> _GIVEN DATA_
-------
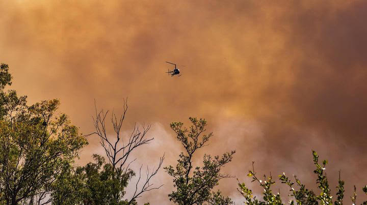 “Often, we’ll fly out in the morning, the rangers with backpack blowers, and they’ll get out and blow a break back into the fire to pull it up. Those blowers are powerful, so they’ll blow back a couple of meters. Or we’ll back-burn downwind. Sometimes, they’ll drag tires in a line across the fire front, too, that’ll often slow it down. We do have a bucket for the 44; it’s alright for spot fires, but not really anything bigger.”
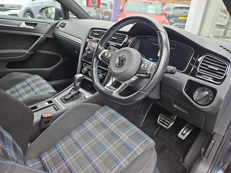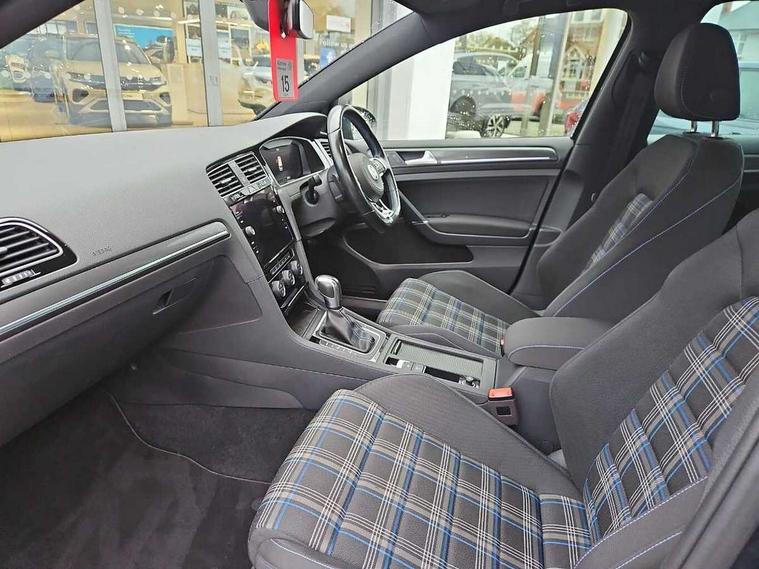 'Lights On' Reminder warning buzzer, ACC - Adaptive cruise control with front assist, forward collision warning, distance monitoring, city emergency brake and speed limiter, Active information display - 12.3" high resolution TFT display, Bluetooth telephone and audio connection for compatible devices, Brake pad wear indicator warning light, Car net app connect combined functionality of Apple CarPlay, Android Auto and MirrorLink, USB connection, audio and voice control, Discover navigation, 8"colour touch screen, 2D/3D European map data, Radio/CD, infotainment system via smartphone or tablet, Car-Net Guide and inform, Driver alert system, Driver profile selection, Driving Mode Selection with four preset modes - Eco, normal, sport or individual modes, Lane assist with dynamic light assist and traffic sign recognition, Multifunction computer with visual gear change recommendation for fuel consumption, Progressive power assisted steering, Push tank flap, Rear view camera, Speed limit display, Speedo, rev counter, electronic odometer, trip, service interval display, exterior temperature and fuel gauge, Stop/start system, Think blue trainer driver tips and journey analysis, Ultrasonic front and rear optical and audible parking sensors, Warning buzzer and light for front seatbelts unfastened, Battery regeneration during braking, Lowered sports suspension, XDS electronic differential lock, 4 X 20 watt output, 8 speakers, Composition media system, DAB Digital radio receiver, MP3/WMA compatability, Multi device interface (MDI) via USB connection, Premium USB cable in choice of either Apple or Android smartphone compatibility, SMS Functionality, Title and cover art display, USB and SD card connectivity, Volkswagen media control, 3D-LED tinted rear light clusters with indicator sweep function, Automatic coming/leaving home lighting function, Black front air intake and radiator grille with chrome insert, Black rear diffuser, Body colour bumpers, Body colour door handles, Body colour door mirrors with integrated indicators, Dusk sensor + automatic driving lights, Electric front windows, Electric rear windows, Electrically adjustable and heated door mirrors, Fully galvanised body, GTE logo on front and back, Heated rear windscreen, High level 3rd brake light incorporating LED Technology, LED headlights with dynamic light assist, Rear fog lamp, Rear tinted glass 65% light absorbing from B pillar backwards, Rear window aerial, Rear window wash/wipe with intermittent wipe, Reflectors in all doors, Sill extensions, Tailgate with integrated rear roof spoiler, Unique front C Signature LED daytime running light, Windscreen wipers/ intermittent wipe + 4 position delay, 12V socket in luggage compartment, 3 rear headrests, 4 load lashing points in luggage compartment, 60/40 split folding rear seat backrest, Bag hook in luggage compartment x 2, Black rear diffuser with chrome exhaust tailpipes in left and right, Black roof lining, Climate control - 2 zone electronic air conditioning with automatic air recirculation and allergy filter, Cooled glovebox, Cover for storage compartment in centre, Driver/front passenger seat height adjustment, Dust/pollen filter, Front + rear carpet mats, Front centre armrest with storage compartment and two rear air vents, Front cupholders x 2, Front seat back storage pockets, Front sport seats, Grab handles front x 2, rear x 2 with integrated coat hooks, GTE Badging, GTE radiator grille with blue stripe, Height and reach adjustable steering wheel, Illuminated vanity mirrors, Instrument lighting white adjustable panel illumination, Interior light delay, Isofix preparation for 2 rear child seats, Jacara cloth upholstery, Load through provision with rear centre armrest and cupholders x2, Luggage compartment lighting, Lumbar support for driver's and front passengers seat, Overhead storage box, Stainless steel pedals, Storage box in luggage compartment, Storage compartment in roof console with cover, Storage compartments in centre console, Storage compartments in front doors, Storage compartments in rear doors, Stowable luggage compartment cover, Sun visors, Three spoke multifunction leather steering wheel with GTE logo and blue stitching including gearknob gaiter, Variable boot floor, height adjustable and removable, Ambient lighting pack - Golf, Convenience Pack - Golf, Mirror pack - Golf, Winter pack - Golf, 3 rear three point seatbelts, Airbags - Driver's and front passenger's, curtain airbag, Driver's knee, front side impact and passenger's airbag deactivation switch, Anti-lock Braking System (ABS) with Hydraulic Brake Assist (HBA), Automatic post collision braking system, Blue brake callipers, Child locks on rear doors, Driver/Passenger optimised head restraints, Electronic parking brake with auto hold, Electronic stability control (ESC) including Electronic differential lock (EDL) and ASR (Traction control) with deactivation via infotainment system, Front ventilated disc brakes and rear disc brakes, Pre crash preventive occupant protection, Three point height adjustable front seatbelts with tensioners, Tyre pressure loss indicator, Alarm with interior protection and deactivation via infotainment system, Electronic engine immobiliser, Keyless entry with start/stop button on centre console, Chrome plated air vent surround, Chrome plated electric mirror adjustment light switch surround, Honeycomb black decorative inserts, Piano black decorative inserts in centre console, Unique GTE instrument cluster, 18" Marseille alloy wheels with anti theft wheel bolts, Tyre repair kit,
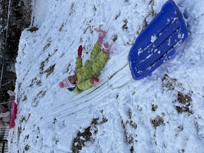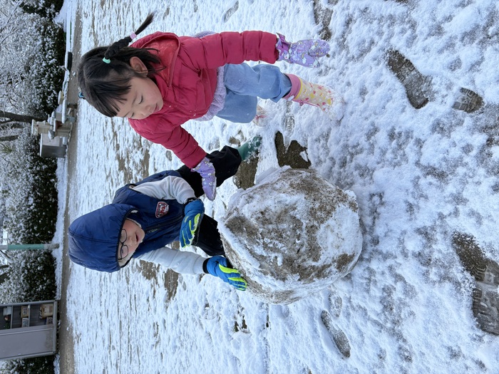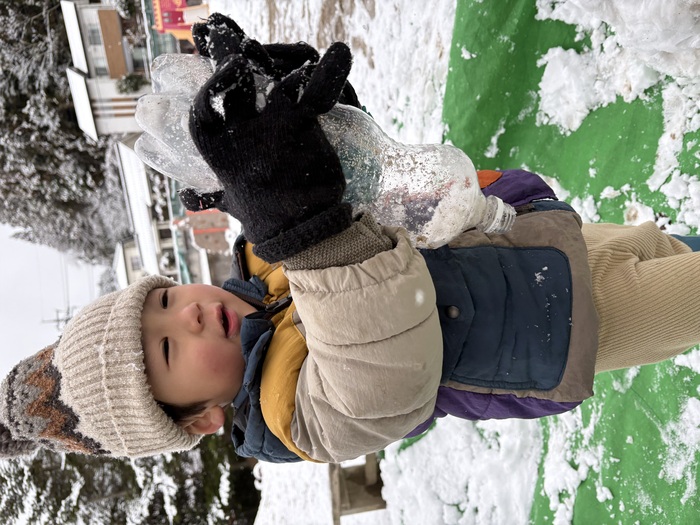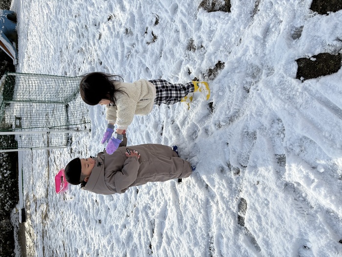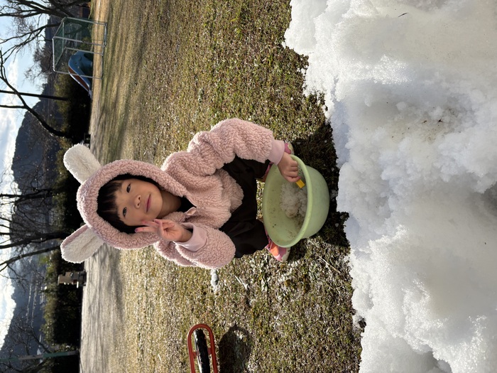 1月の様子です!! 子ども達お待ちかねの雪が積もりました~(^▽^)/寒い中でも元気に遊ぶつくしっ子の様子です♡ | ||
-------
> _WORK TASK_
Return the full set of lines above word for word and with no pictures.

> _SOLUTION FOR THIS EXERCISE_
 “Often, we’ll fly out in the morning, the rangers with backpack blowers, and they’ll get out and blow a break back into the fire to pull it up. Those blowers are powerful, so they’ll blow back a couple of meters. Or we’ll back-burn downwind. Sometimes, they’ll drag tires in a line across the fire front, too, that’ll often slow it down. We do have a bucket for the 44; it’s alright for spot fires, but not really anything bigger.”
 'Lights On' Reminder warning buzzer, ACC - Adaptive cruise control with front assist, forward collision warning, distance monitoring, city emergency brake and speed limiter, Active information display - 12.3" high resolution TFT display, Bluetooth telephone and audio connection for compatible devices, Brake pad wear indicator warning light, Car net app connect combined functionality of Apple CarPlay, Android Auto and MirrorLink, USB connection, audio and voice control, Discover navigation, 8"colour touch screen, 2D/3D European map data, Radio/CD, infotainment system via smartphone or tablet, Car-Net Guide and inform, Driver alert system, Driver profile selection, Driving Mode Selection with four preset modes - Eco, normal, sport or individual modes, Lane assist with dynamic light assist and traffic sign recognition, Multifunction computer with visual gear change recommendation for fuel consumption, Progressive power assisted steering, Push tank flap, Rear view camera, Speed limit display, Speedo, rev counter, electronic odometer, trip, service interval display, exterior temperature and fuel gauge, Stop/start system, Think blue trainer driver tips and journey analysis, Ultrasonic front and rear optical and audible parking sensors, Warning buzzer and light for front seatbelts unfastened, Battery regeneration during braking, Lowered sports suspension, XDS electronic differential lock, 4 X 20 watt output, 8 speakers, Composition media system, DAB Digital radio receiver, MP3/WMA compatability, Multi device interface (MDI) via USB connection, Premium USB cable in choice of either Apple or Android smartphone compatibility, SMS Functionality, Title and cover art display, USB and SD card connectivity, Volkswagen media control, 3D-LED tinted rear light clusters with indicator sweep function, Automatic coming/leaving home lighting function, Black front air intake and radiator grille with chrome insert, Black rear diffuser, Body colour bumpers, Body colour door handles, Body colour door mirrors with integrated indicators, Dusk sensor + automatic driving lights, Electric front windows, Electric rear windows, Electrically adjustable and heated door mirrors, Fully galvanised body, GTE logo on front and back, Heated rear windscreen, High level 3rd brake light incorporating LED Technology, LED headlights with dynamic light assist, Rear fog lamp, Rear tinted glass 65% light absorbing from B pillar backwards, Rear window aerial, Rear window wash/wipe with intermittent wipe, Reflectors in all doors, Sill extensions, Tailgate with integrated rear roof spoiler, Unique front C Signature LED daytime running light, Windscreen wipers/ intermittent wipe + 4 position delay, 12V socket in luggage compartment, 3 rear headrests, 4 load lashing points in luggage compartment, 60/40 split folding rear seat backrest, Bag hook in luggage compartment x 2, Black rear diffuser with chrome exhaust tailpipes in left and right, Black roof lining, Climate control - 2 zone electronic air conditioning with automatic air recirculation and allergy filter, Cooled glovebox, Cover for storage compartment in centre, Driver/front passenger seat height adjustment, Dust/pollen filter, Front + rear carpet mats, Front centre armrest with storage compartment and two rear air vents, Front cupholders x 2, Front seat back storage pockets, Front sport seats, Grab handles front x 2, rear x 2 with integrated coat hooks, GTE Badging, GTE radiator grille with blue stripe, Height and reach adjustable steering wheel, Illuminated vanity mirrors, Instrument lighting white adjustable panel illumination, Interior light delay, Isofix preparation for 2 rear child seats, Jacara cloth upholstery, Load through provision with rear centre armrest and cupholders x2, Luggage compartment lighting, Lumbar support for driver's and front passengers seat, Overhead storage box, Stainless steel pedals, Storage box in luggage compartment, Storage compartment in roof console with cover, Storage compartments in centre console, Storage compartments in front doors, Storage compartments in rear doors, Stowable luggage compartment cover, Sun visors, Three spoke multifunction leather steering wheel with GTE logo and blue stitching including gearknob gaiter, Variable boot floor, height adjustable and removable, Ambient lighting pack - Golf, Convenience Pack - Golf, Mirror pack - Golf, Winter pack - Golf, 3 rear three point seatbelts, Airbags - Driver's and front passenger's, curtain airbag, Driver's knee, front side impact and passenger's airbag deactivation switch, Anti-lock Braking System (ABS) with Hydraulic Brake Assist (HBA), Automatic post collision braking system, Blue brake callipers, Child locks on rear doors, Driver/Passenger optimised head restraints, Electronic parking brake with auto hold, Electronic stability control (ESC) including Electronic differential lock (EDL) and ASR (Traction control) with deactivation via infotainment system, Front ventilated disc brakes and rear disc brakes, Pre crash preventive occupant protection, Three point height adjustable front seatbelts with tensioners, Tyre pressure loss indicator, Alarm with interior protection and deactivation via infotainment system, Electronic engine immobiliser, Keyless entry with start/stop button on centre console, Chrome plated air vent surround, Chrome plated electric mirror adjustment light switch surround, Honeycomb black decorative inserts, Piano black decorative inserts in centre console, Unique GTE instrument cluster, 18" Marseille alloy wheels with anti theft wheel bolts, Tyre repair kit,
 1月の様子です!! 子ども達お待ちかねの雪が積もりました~(^▽^)/寒い中でも元気に遊ぶつくしっ子の様子です♡ | ||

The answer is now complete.